» **About this exercise**
The pictures must be left out, while the rest of the data is copied exactly.

» **Recorded information**
[Start of Attachment]

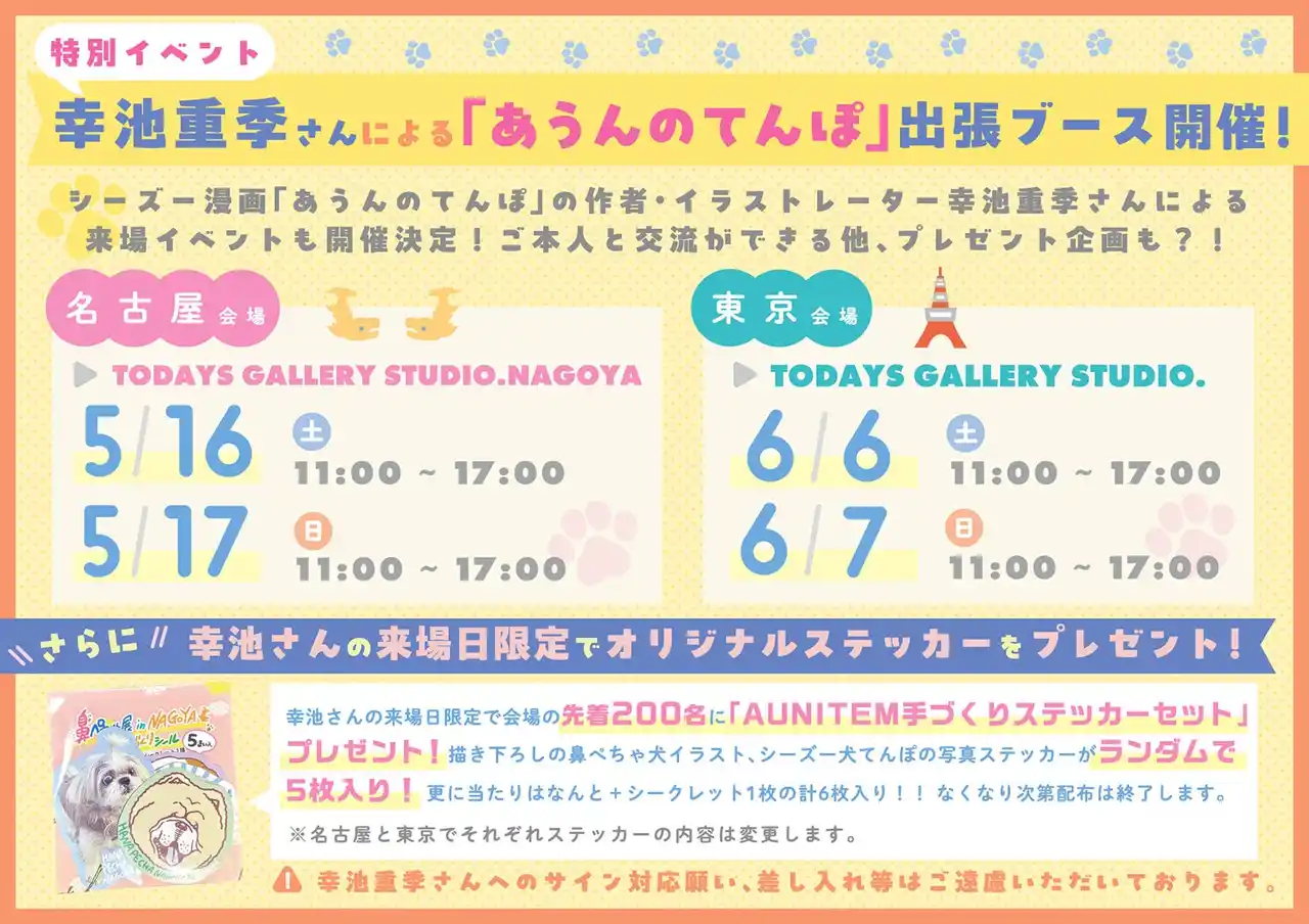 シーズー漫画「あうんのてんぽ」の作者・イラストレーター幸池重季による来場イベントを開催!作品の世界観を間近で楽しめるほか、ここでしか手に入らない限定グッズも登場します。 |
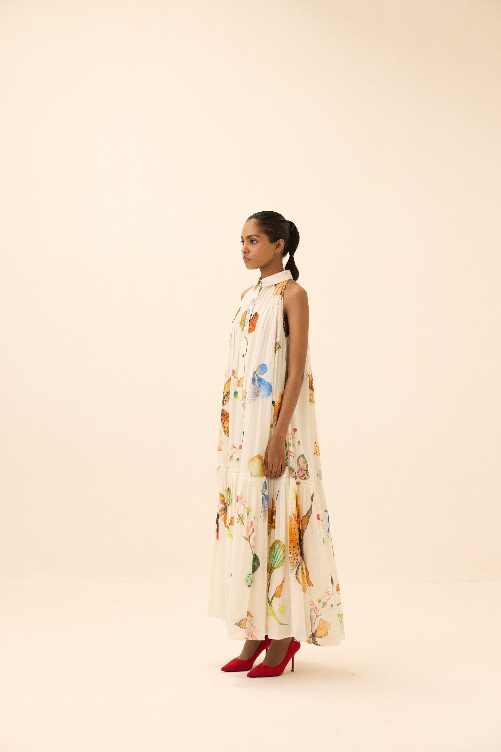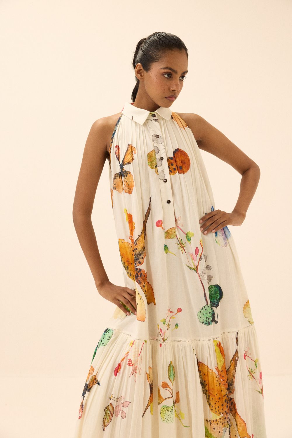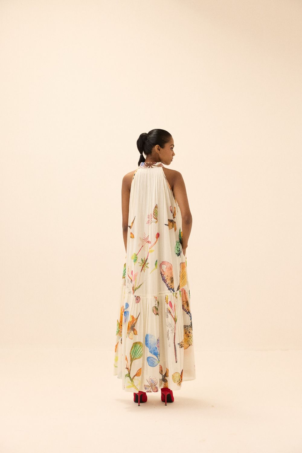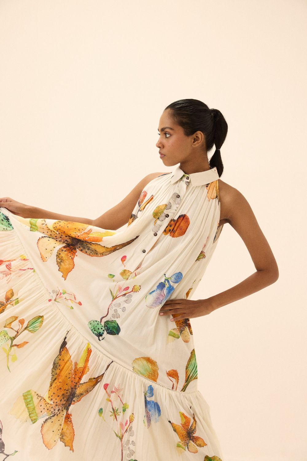 This vibrant, flowy dress is crafted from mul fabric, featuring a beautiful array of floral and botanical prints. Its airy design and pleated details make it a perfect blend of comfort and elegance.
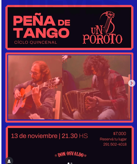 Amigos, los muchachos que nos volaron la cabeza el sábado en “la Inevitable” vuelven a la mesa del Don Osvaldo. Este jueves, la Peña de Tango “Un Poroto” nos trae la esencia pura: Nicolás Pereyra en bandoneón y Nicolás Fernández Vicente en guitarra.
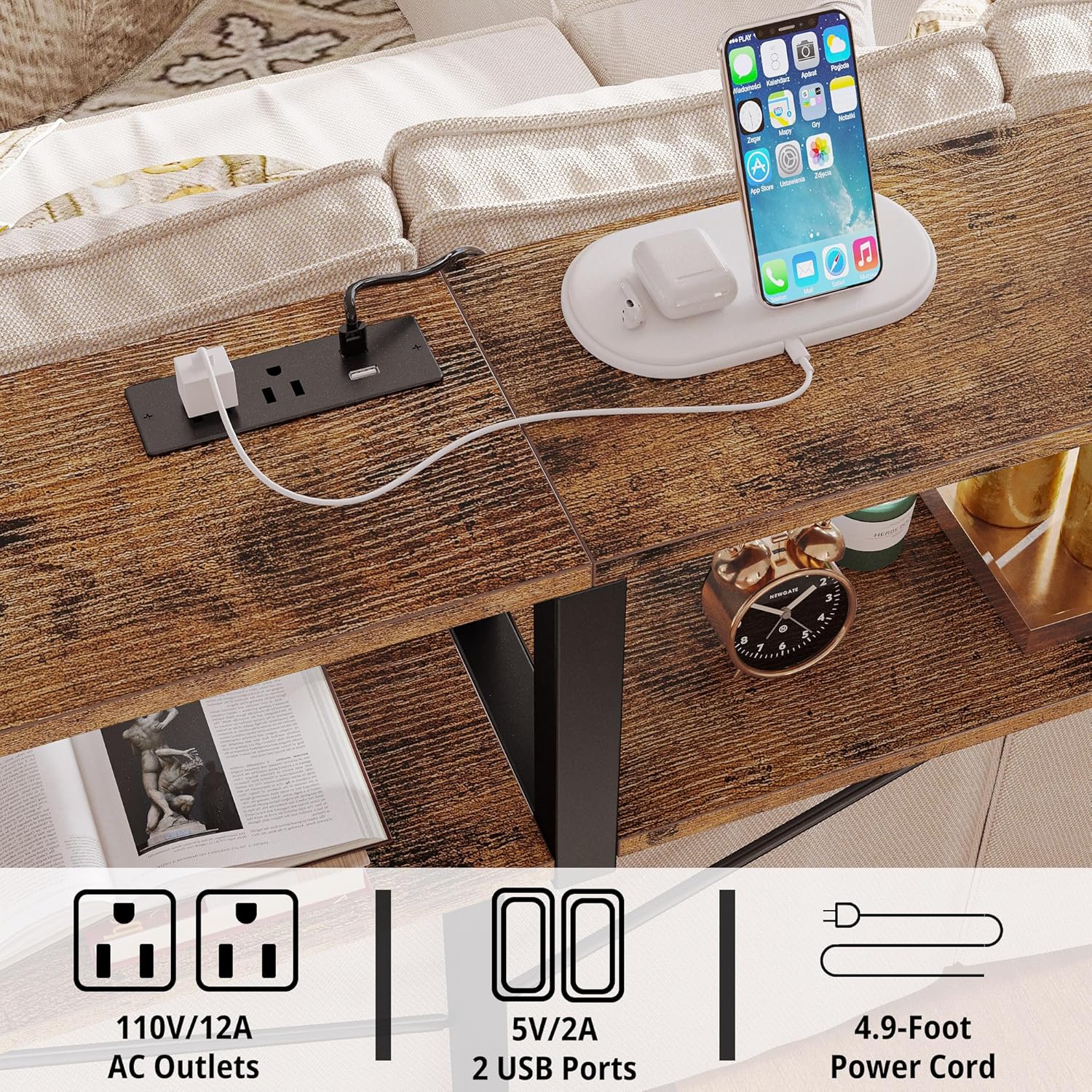 - Sofa Table with Outlets: The console table comes with built-in 2 plug outlets and 2 USB ports. You can choose to place the power outlets on the left or right side of the table as needed. Allows you to charge your phone, tablet, laptop, and other electronic devices within easy reach

[End of Attachment]

» **Answer space**
 シーズー漫画「あうんのてんぽ」の作者・イラストレーター幸池重季による来場イベントを開催!作品の世界観を間近で楽しめるほか、ここでしか手に入らない限定グッズも登場します。 |
 This vibrant, flowy dress is crafted from mul fabric, featuring a beautiful array of floral and botanical prints. Its airy design and pleated details make it a perfect blend of comfort and elegance.
 Amigos, los muchachos que nos volaron la cabeza el sábado en “la Inevitable” vuelven a la mesa del Don Osvaldo. Este jueves, la Peña de Tango “Un Poroto” nos trae la esencia pura: Nicolás Pereyra en bandoneón y Nicolás Fernández Vicente en guitarra.
 - Sofa Table with Outlets: The console table comes with built-in 2 plug outlets and 2 USB ports. You can choose to place the power outlets on the left or right side of the table as needed. Allows you to charge your phone, tablet, laptop, and other electronic devices within easy reach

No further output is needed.